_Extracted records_
:::::
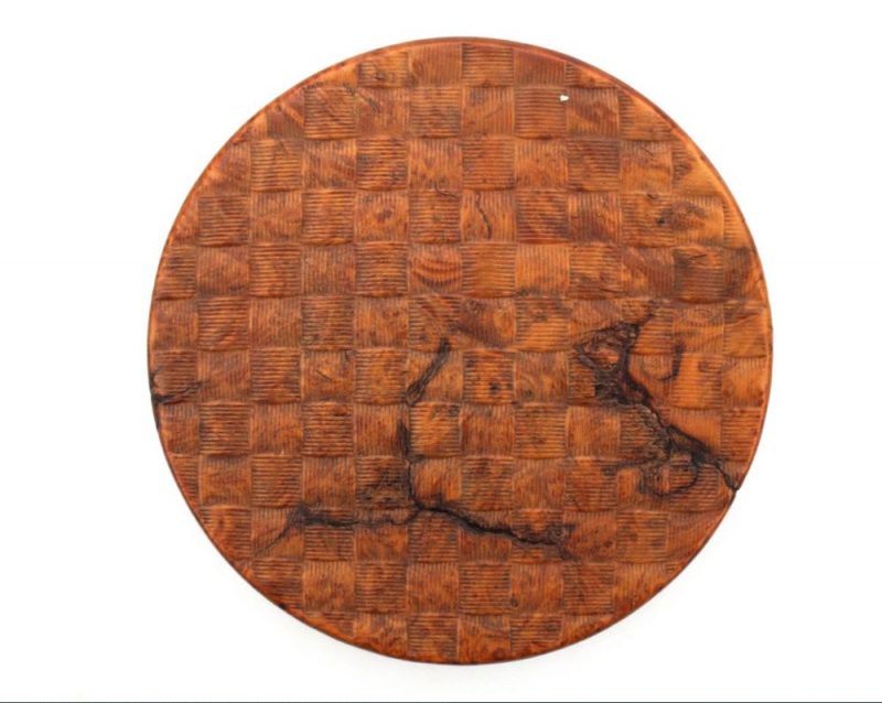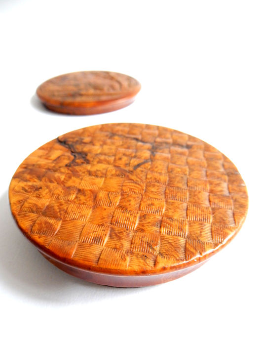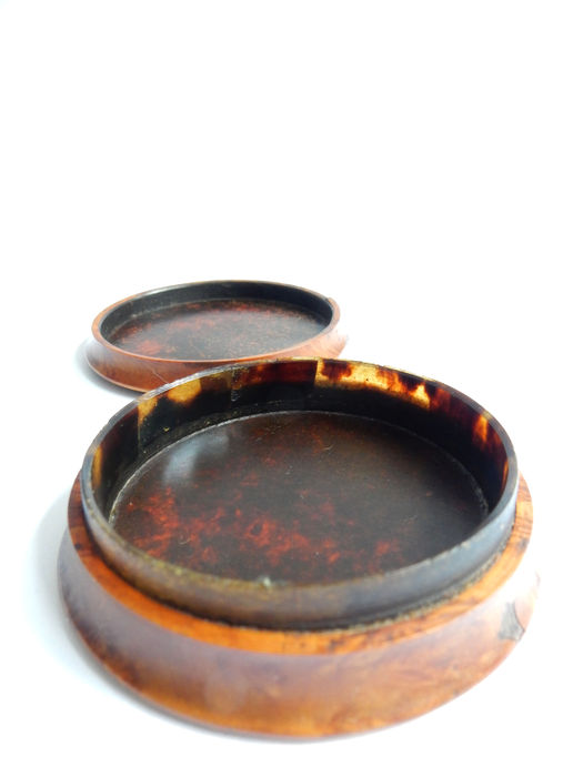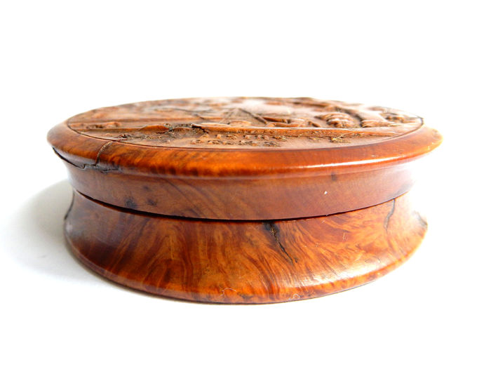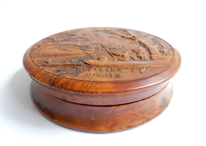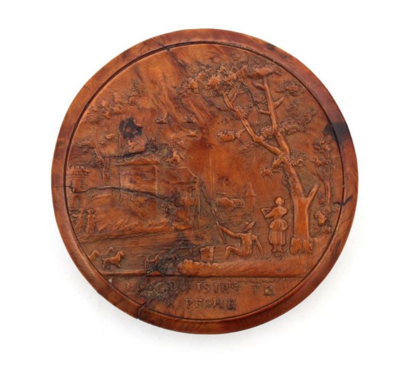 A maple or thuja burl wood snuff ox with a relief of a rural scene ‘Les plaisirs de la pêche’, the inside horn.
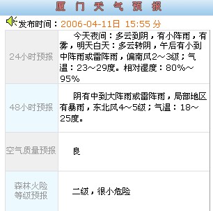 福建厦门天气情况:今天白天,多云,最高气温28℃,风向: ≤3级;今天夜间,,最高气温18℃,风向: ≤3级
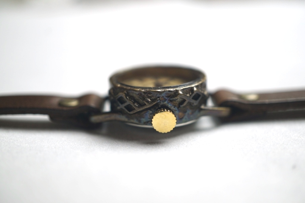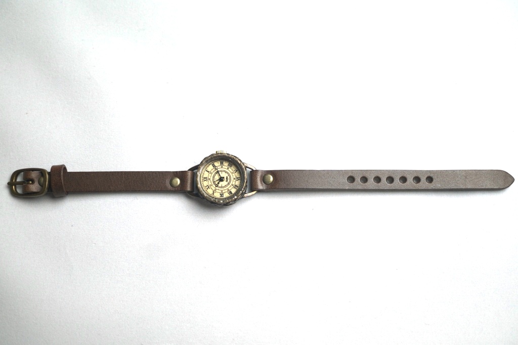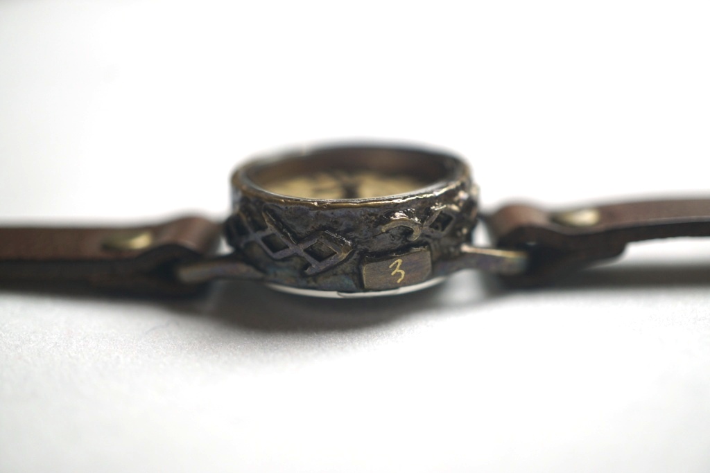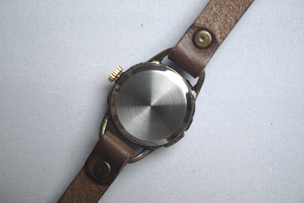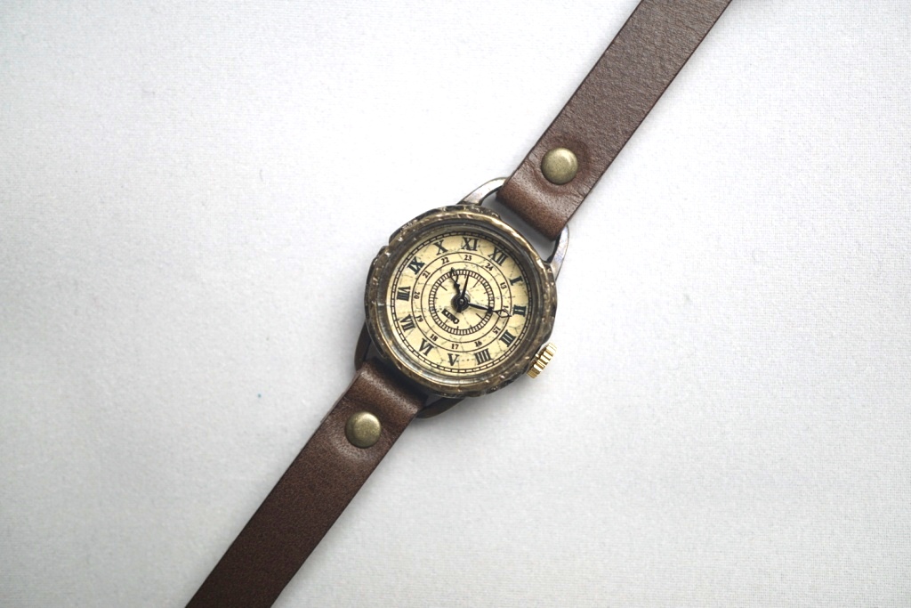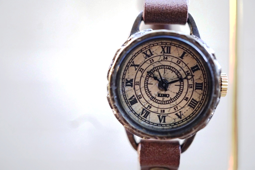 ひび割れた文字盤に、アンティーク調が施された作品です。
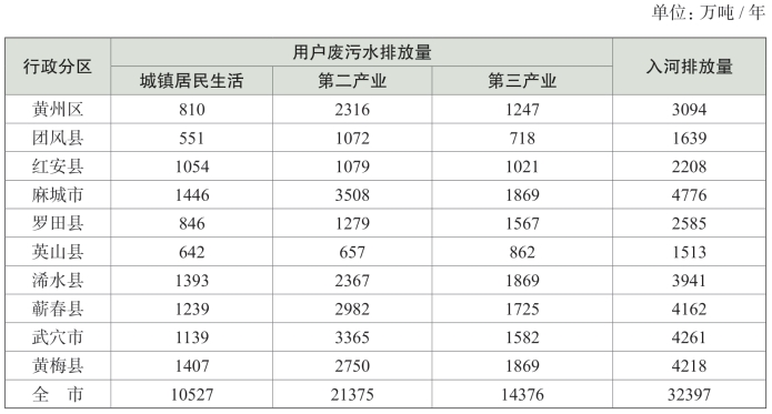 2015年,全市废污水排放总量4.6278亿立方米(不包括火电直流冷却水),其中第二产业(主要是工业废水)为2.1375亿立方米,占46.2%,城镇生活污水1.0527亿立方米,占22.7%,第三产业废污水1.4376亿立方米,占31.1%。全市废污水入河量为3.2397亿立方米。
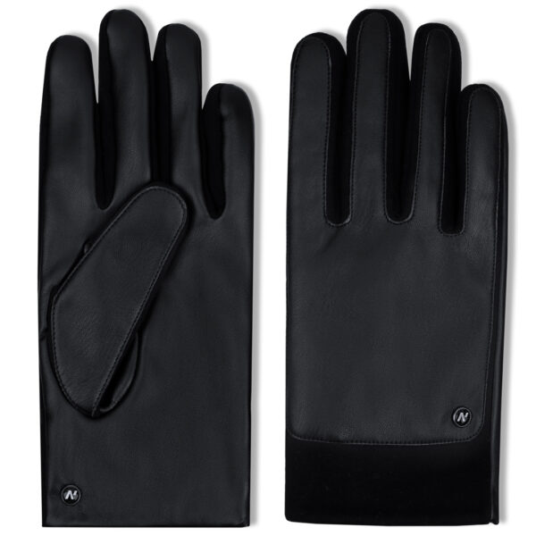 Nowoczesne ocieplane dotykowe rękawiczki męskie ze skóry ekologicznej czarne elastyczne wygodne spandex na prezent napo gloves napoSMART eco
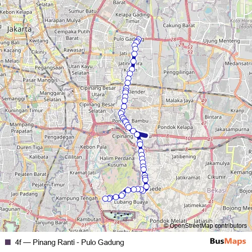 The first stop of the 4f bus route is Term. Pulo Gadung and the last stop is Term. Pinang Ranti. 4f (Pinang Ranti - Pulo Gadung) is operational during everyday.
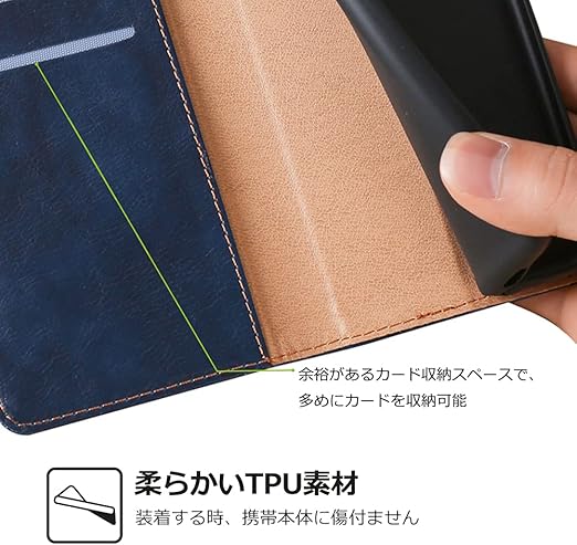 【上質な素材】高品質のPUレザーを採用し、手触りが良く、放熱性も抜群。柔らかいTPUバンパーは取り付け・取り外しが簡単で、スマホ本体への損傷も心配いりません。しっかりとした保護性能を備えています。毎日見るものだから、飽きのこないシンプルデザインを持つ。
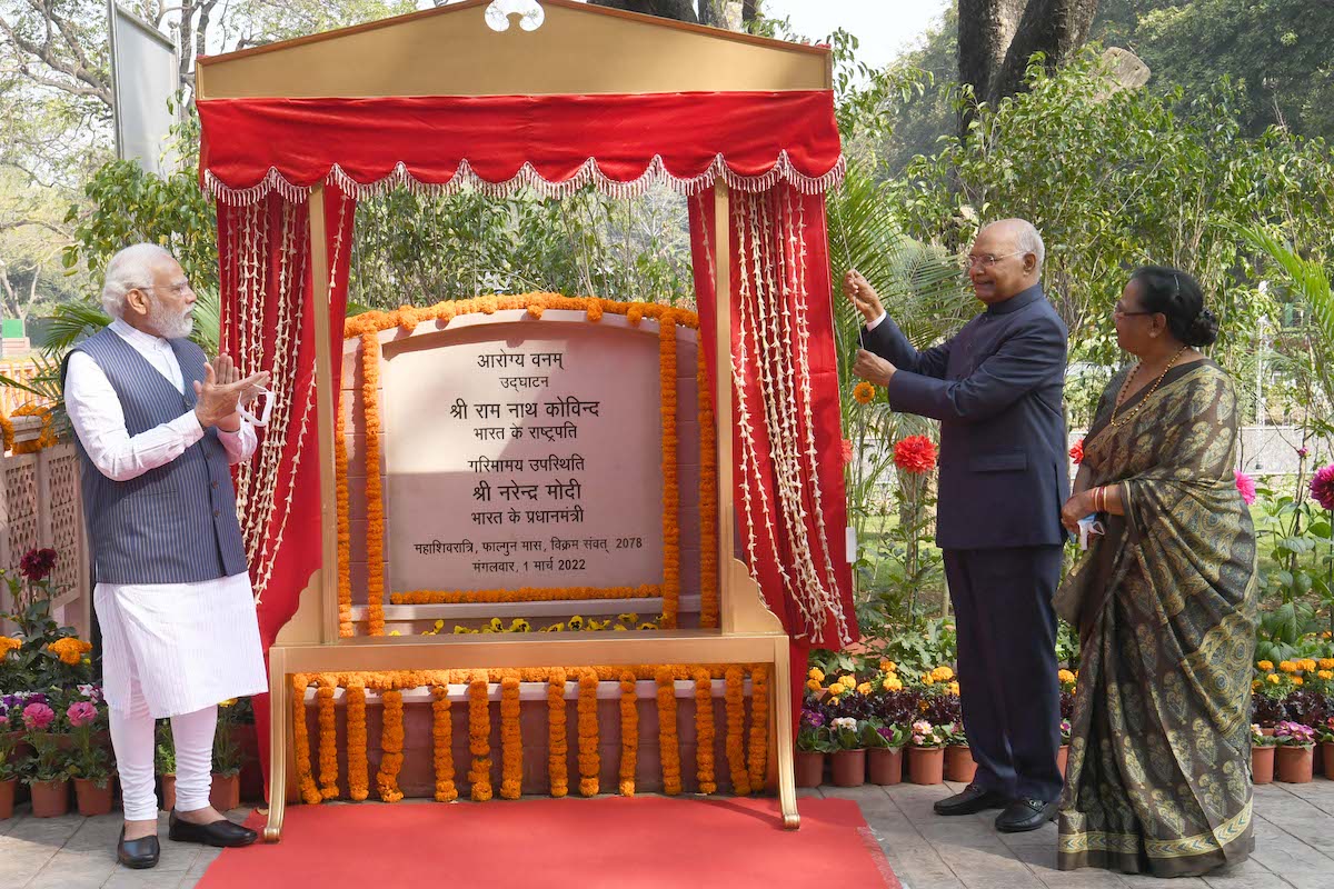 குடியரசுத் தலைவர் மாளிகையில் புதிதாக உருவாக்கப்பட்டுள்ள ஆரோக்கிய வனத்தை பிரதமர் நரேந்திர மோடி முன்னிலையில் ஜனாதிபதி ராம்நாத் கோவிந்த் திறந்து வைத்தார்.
:::::
_TASK REQUIREMENTS_
Pictures aside, write out all of the records exactly.

_TASK SOLUTION_
 A maple or thuja burl wood snuff ox with a relief of a rural scene ‘Les plaisirs de la pêche’, the inside horn.
 福建厦门天气情况:今天白天,多云,最高气温28℃,风向: ≤3级;今天夜间,,最高气温18℃,风向: ≤3级
 ひび割れた文字盤に、アンティーク調が施された作品です。
 2015年,全市废污水排放总量4.6278亿立方米(不包括火电直流冷却水),其中第二产业(主要是工业废水)为2.1375亿立方米,占46.2%,城镇生活污水1.0527亿立方米,占22.7%,第三产业废污水1.4376亿立方米,占31.1%。全市废污水入河量为3.2397亿立方米。
 Nowoczesne ocieplane dotykowe rękawiczki męskie ze skóry ekologicznej czarne elastyczne wygodne spandex na prezent napo gloves napoSMART eco
 The first stop of the 4f bus route is Term. Pulo Gadung and the last stop is Term. Pinang Ranti. 4f (Pinang Ranti - Pulo Gadung) is operational during everyday.
 【上質な素材】高品質のPUレザーを採用し、手触りが良く、放熱性も抜群。柔らかいTPUバンパーは取り付け・取り外しが簡単で、スマホ本体への損傷も心配いりません。しっかりとした保護性能を備えています。毎日見るものだから、飽きのこないシンプルデザインを持つ。
 குடியரசுத் தலைவர் மாளிகையில் புதிதாக உருவாக்கப்பட்டுள்ள ஆரோக்கிய வனத்தை பிரதமர் நரேந்திர மோடி முன்னிலையில் ஜனாதிபதி ராம்நாத் கோவிந்த் திறந்து வைத்தார்.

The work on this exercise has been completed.